As a YA ("young adult") writer, I'm intrigued by the observation that child narrators of mysteries and thrillers are, by definition, "unreliable" -- because they don't know enough to interpret what they see. We as adult readers bring the other pieces to the puzzle and put the answers together.
A newspaper review a week or so ago decided me: I bought a copy of the debut literary thriller by Wiley Cash, A LAND MORE KIND THAN HOME. The title is framed in the book's epigraph from Thomas Wolfe's You Can't Go Home Again. And the most compelling of the book's three narrators is a boy named Jess Hall, growing up curious in a small western North Carolina town where the grown-ups are doing things he can't understand.

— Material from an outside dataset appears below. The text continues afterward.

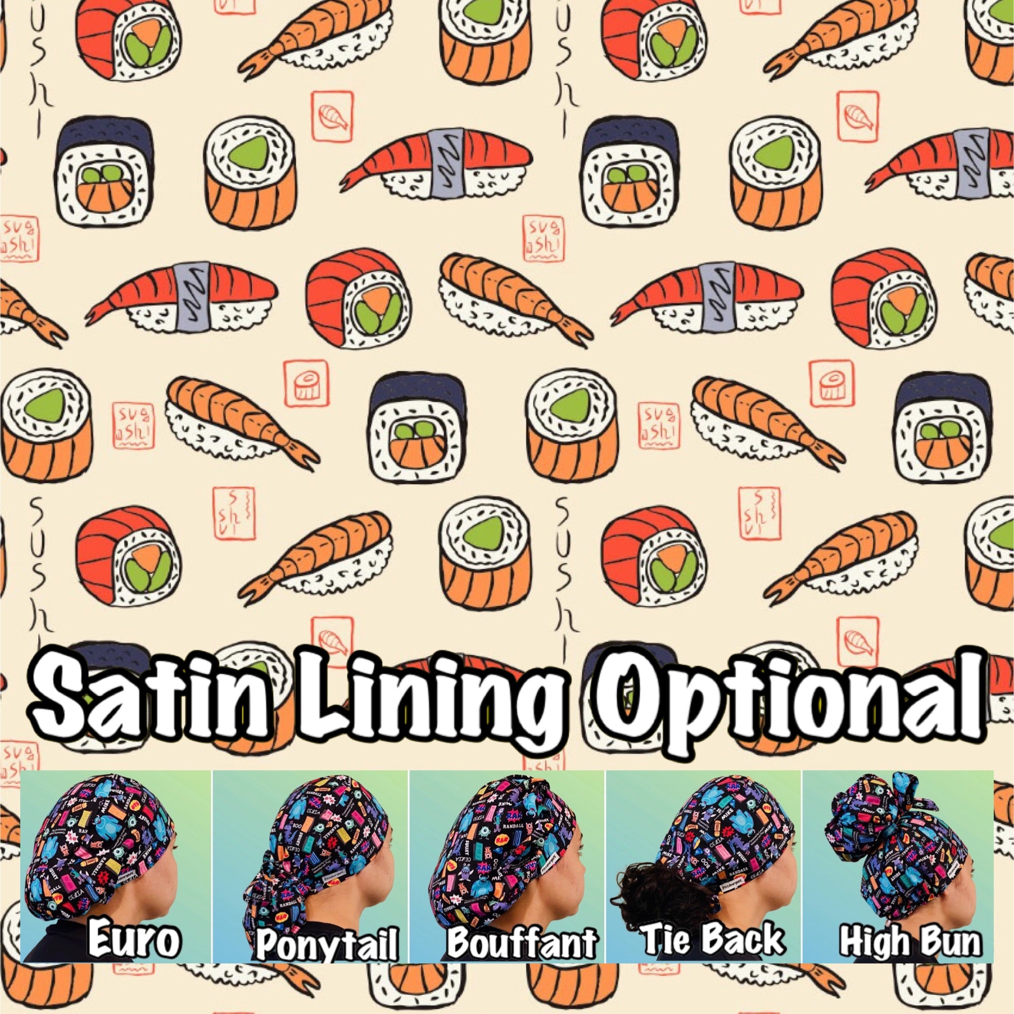 Available in Euro, ponytail, bouffant, high bun and classic tie back. Euro, high bun, ponytail, and bouffant caps have adjustable elastic and toggle. Tie back and ponytail have ties. Fabric tie for bow will be provided with the high bun cap but is not attached to the cap. Black or white satin lining is optional.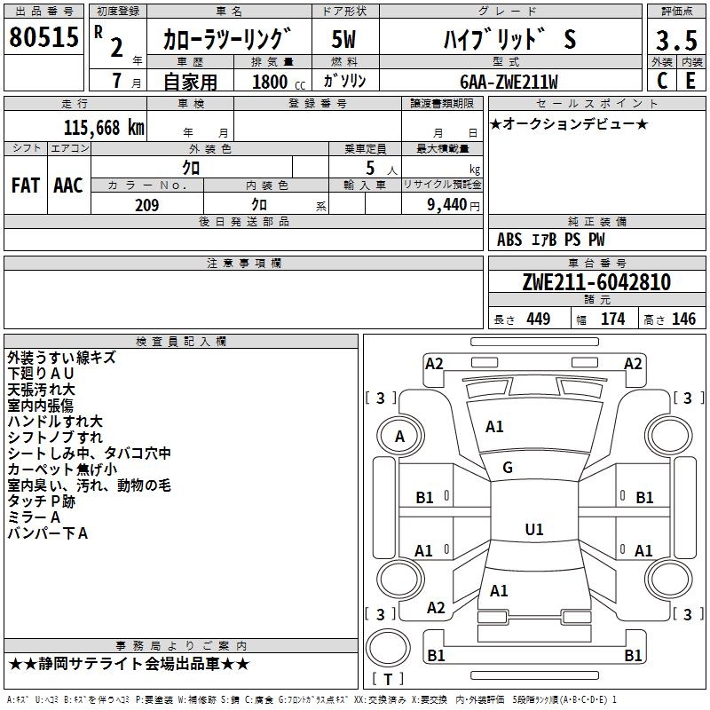 TOYOTA COROLLA WAGON HYBRID S - лот 80515

The first half of the book gave me a new understanding of "tragic." But at the same time, Jess had just enough hope and love to keep me from walking away from him and his story. The second half kept me with one hand on the book, no matter what else I was supposed to be doing. It meant a very late night -- and worth every lost moment of sleep.
Sometimes love hurts, even as it makes the hurt worthwhile. Cash's debut book captures all of that, and it's no surprise that Clyde Edgerton, Ernest J. Gaines, and Gail Godwin are among the authors who've blurbed the book.
Best news of the day: Cash's second book is already scheduled for publication in 2014. Author website: http://www.wileycash.com.
1 comment:
Thanks for the mention - this has been on my wish list at the library for a while (in audio). I'm eager to check it out.